• [Given data]:
━━━━━━━━━━━━━━━━━━━━

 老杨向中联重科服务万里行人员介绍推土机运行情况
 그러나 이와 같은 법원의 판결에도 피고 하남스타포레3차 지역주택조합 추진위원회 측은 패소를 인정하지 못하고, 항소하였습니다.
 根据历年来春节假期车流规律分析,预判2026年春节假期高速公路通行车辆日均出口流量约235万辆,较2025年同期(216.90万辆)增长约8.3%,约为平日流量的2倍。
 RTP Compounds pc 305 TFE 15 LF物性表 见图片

━━━━━━━━━━━━━━━━━━━━

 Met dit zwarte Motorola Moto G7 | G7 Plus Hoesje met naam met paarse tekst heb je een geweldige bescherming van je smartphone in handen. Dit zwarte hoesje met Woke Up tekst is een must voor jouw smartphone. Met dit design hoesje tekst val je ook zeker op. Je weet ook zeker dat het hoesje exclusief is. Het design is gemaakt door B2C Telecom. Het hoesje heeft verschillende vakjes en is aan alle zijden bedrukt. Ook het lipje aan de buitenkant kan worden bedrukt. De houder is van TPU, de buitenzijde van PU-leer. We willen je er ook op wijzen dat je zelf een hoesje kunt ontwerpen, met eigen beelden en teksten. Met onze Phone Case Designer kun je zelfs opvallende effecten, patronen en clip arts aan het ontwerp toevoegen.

━━━━━━━━━━━━━━━━━━━━

• [Exercise]: From the records above, give again exactly the lines running from the line with "老杨向中联重科服务万里行人员介绍推土机运行情况" to the line with "RTP Compounds pc 305 TFE 15 LF物性表 见图片", inclusive.

• [Your response]:
 老杨向中联重科服务万里行人员介绍推土机运行情况
 그러나 이와 같은 법원의 판결에도 피고 하남스타포레3차 지역주택조합 추진위원회 측은 패소를 인정하지 못하고, 항소하였습니다.
 根据历年来春节假期车流规律分析,预判2026年春节假期高速公路通行车辆日均出口流量约235万辆,较2025年同期(216.90万辆)增长约8.3%,约为平日流量的2倍。
 RTP Compounds pc 305 TFE 15 LF物性表 见图片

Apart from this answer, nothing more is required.